= PROBLEM DESCRIPTION =
Only the lines from the top of the records below through the line containing "正向流程: 从B端商家视角来" should be printed, exactly and without pictures.

- - -

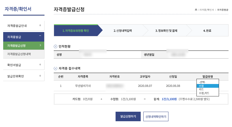 3. ‘자격증 보유 현황 확인’ 단계로 넘어가는데, 여기서 자격증 발급 유형을 선택하셔야 합니다.
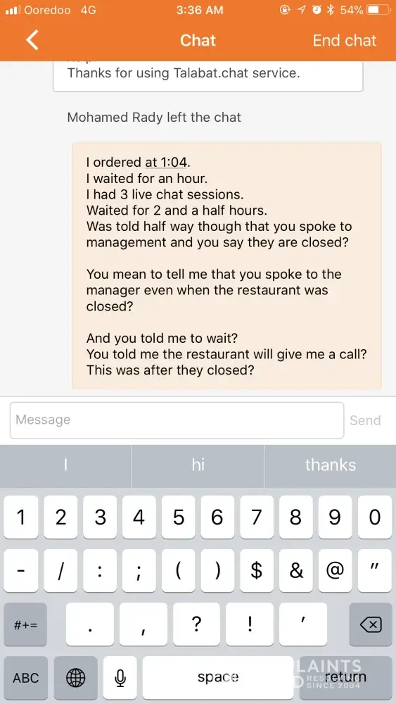 I said that was impossible as I had been waiting for two and a half hours beside my phone, using it, messaging the live chat agents.
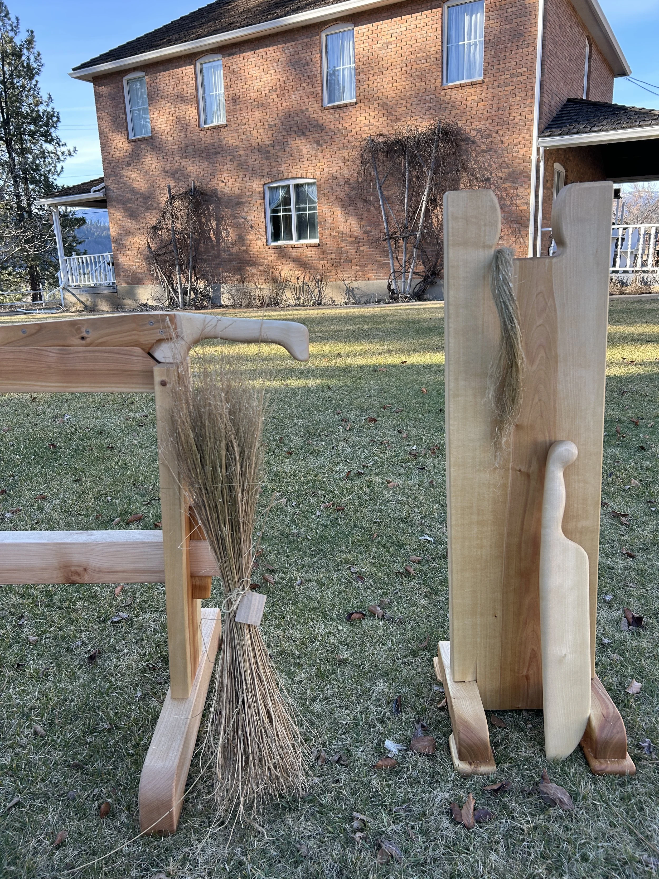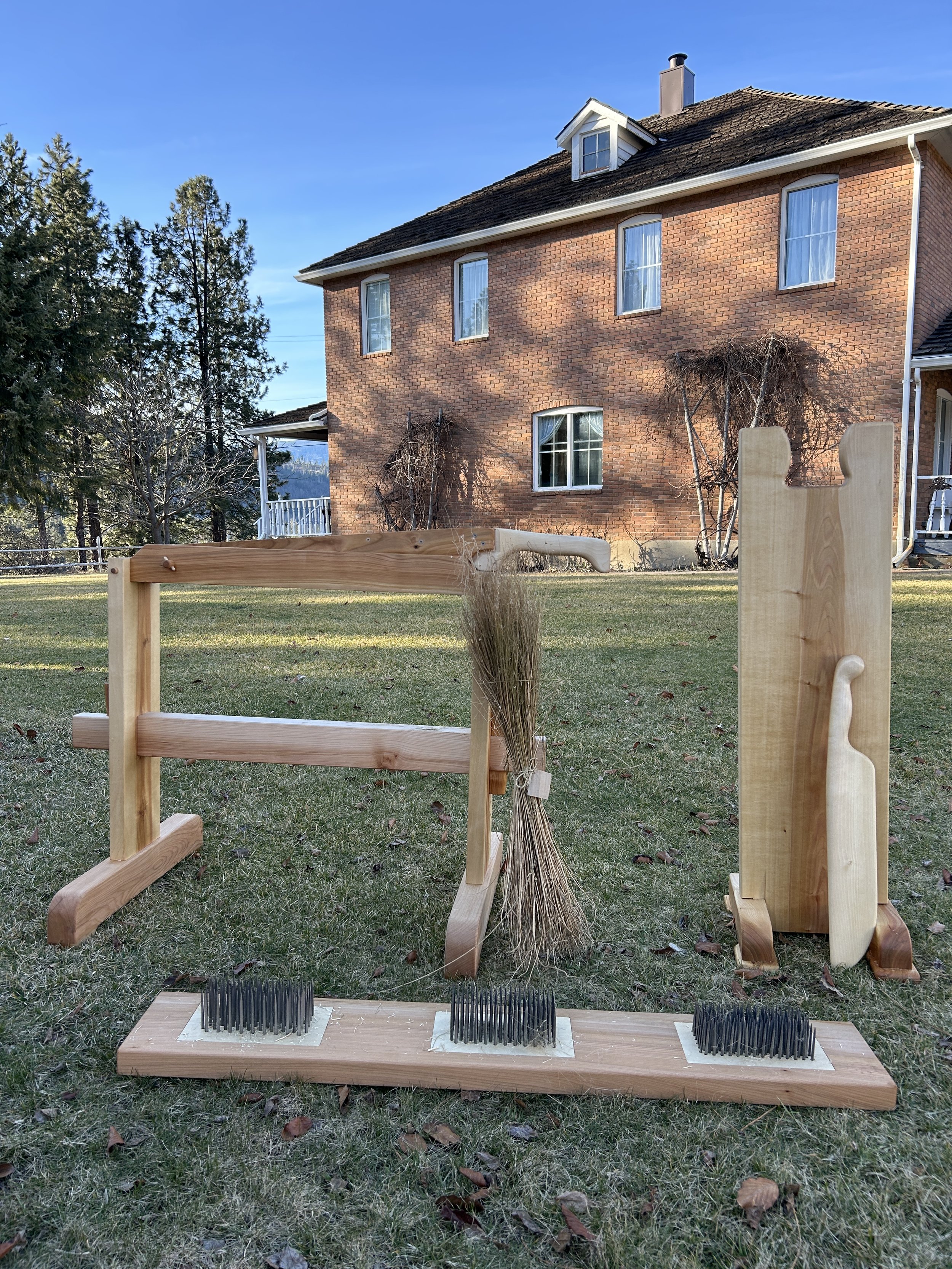 With recent grant support from Kootenay Savings Community Foundation and CBT, we built 4 full sets of flax processing tools - brakes, ripplers, scutching boards, and hackles - that allow community members to learn and practice turning flax into linen during workshops. They are also through our Fibre Tool Library. Thanks to Scott Fettes, Meadow Creek resident, for building these tools for us! They are truly pieces of art in of themselves.
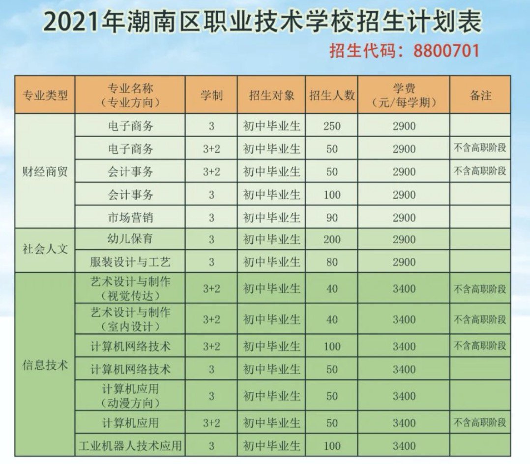2021汕头市潮南区职业技术学校招生计划
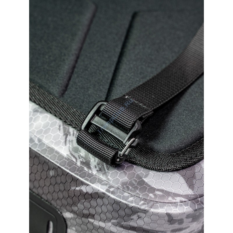 Прочный, износостойкий и водонепроницаемый материал надёжно защитит содержимое вашей сумки от осадков и грязи. Сварные швы и водозащитная основная молния класса IPX7 обеспечивают 100% герметичность. Фронтальный карман имеет влагозащитную молнию! Широкая и мягкая лямка, петля для переноски, съемный сетчатый карман для фляги, возможность подвески снаружи дополнительного снаряжения, внутренний органайзер.
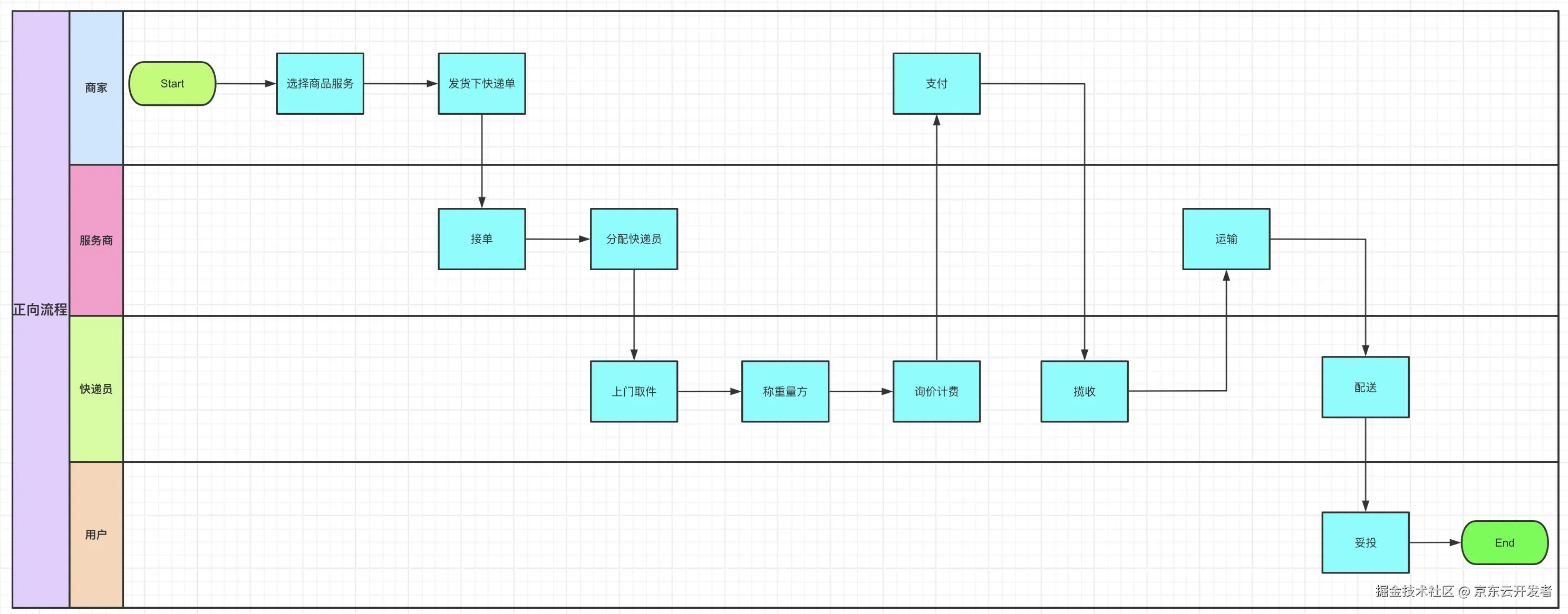 正向流程: 从B端商家视角来看,商家选择服务商品比如卓配产品后,进行下单,服务商进行接单,分配快递员,快递员上门取件,对用户邮寄的货品进行称重量方,询价计费,然后商家支付运费,快递员完成揽收,进入履约层面:货品进行运输,配送,直至C端用户签收完成妥投。
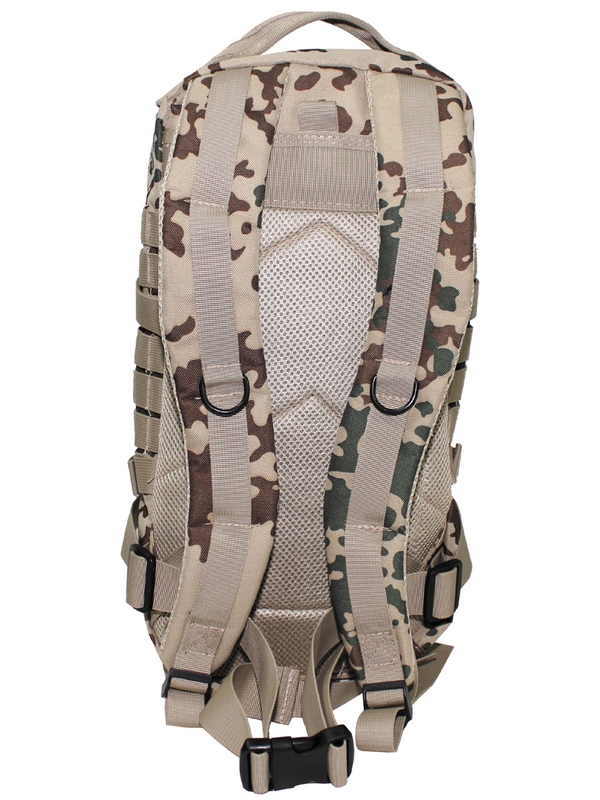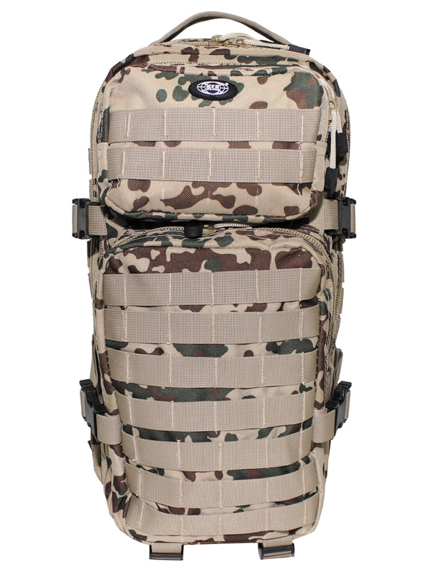 US batoh ASSAULT I, v barevném designu bw tropentarn. "Malá polní" je voděodolný batoh na 30 l balení útoku, má dva velké prostory s různými zipi a síťovinami uvnitř a dvě malé přední kapsy, vestavěnou kapsu na suchý zip pro vodní balení. Všechny prostory jsou uzavřeny robustními dvoupásmovými zipy. Ergonomicky tvarované ramenní popruhy jsou polstrované, asi 5 cm široké s nastavitelnou délkou, kromě toho má batoh polstrovaná záda a nastavitelný popruh kolem pasu s klipem. Batoh umožňuje ovládání velikosti a díky fixaci zavazadel řadou bočních kompresních popruhů dává možnost připojení dalšího příslušenství. Nylonové popruhy MOLLE jsou všestranné díky smyčkám a D-kroužkům. Batoh tak nabízí velké množství prostoru a je tak ideální pro vojenské účely, ale i táboření a turistiku. Kapacita: 30 l. Materiál: 600D polyester, PVC potažené, rozměry: cca. 42 x 20 x 25 cm, hmotnost: 1100 g.

- - -

= FINAL ANSWER =
 3. ‘자격증 보유 현황 확인’ 단계로 넘어가는데, 여기서 자격증 발급 유형을 선택하셔야 합니다.
 I said that was impossible as I had been waiting for two and a half hours beside my phone, using it, messaging the live chat agents.
 With recent grant support from Kootenay Savings Community Foundation and CBT, we built 4 full sets of flax processing tools - brakes, ripplers, scutching boards, and hackles - that allow community members to learn and practice turning flax into linen during workshops. They are also through our Fibre Tool Library. Thanks to Scott Fettes, Meadow Creek resident, for building these tools for us! They are truly pieces of art in of themselves.
2021汕头市潮南区职业技术学校招生计划
 Прочный, износостойкий и водонепроницаемый материал надёжно защитит содержимое вашей сумки от осадков и грязи. Сварные швы и водозащитная основная молния класса IPX7 обеспечивают 100% герметичность. Фронтальный карман имеет влагозащитную молнию! Широкая и мягкая лямка, петля для переноски, съемный сетчатый карман для фляги, возможность подвески снаружи дополнительного снаряжения, внутренний органайзер.
 正向流程: 从B端商家视角来看,商家选择服务商品比如卓配产品后,进行下单,服务商进行接单,分配快递员,快递员上门取件,对用户邮寄的货品进行称重量方,询价计费,然后商家支付运费,快递员完成揽收,进入履约层面:货品进行运输,配送,直至C端用户签收完成妥投。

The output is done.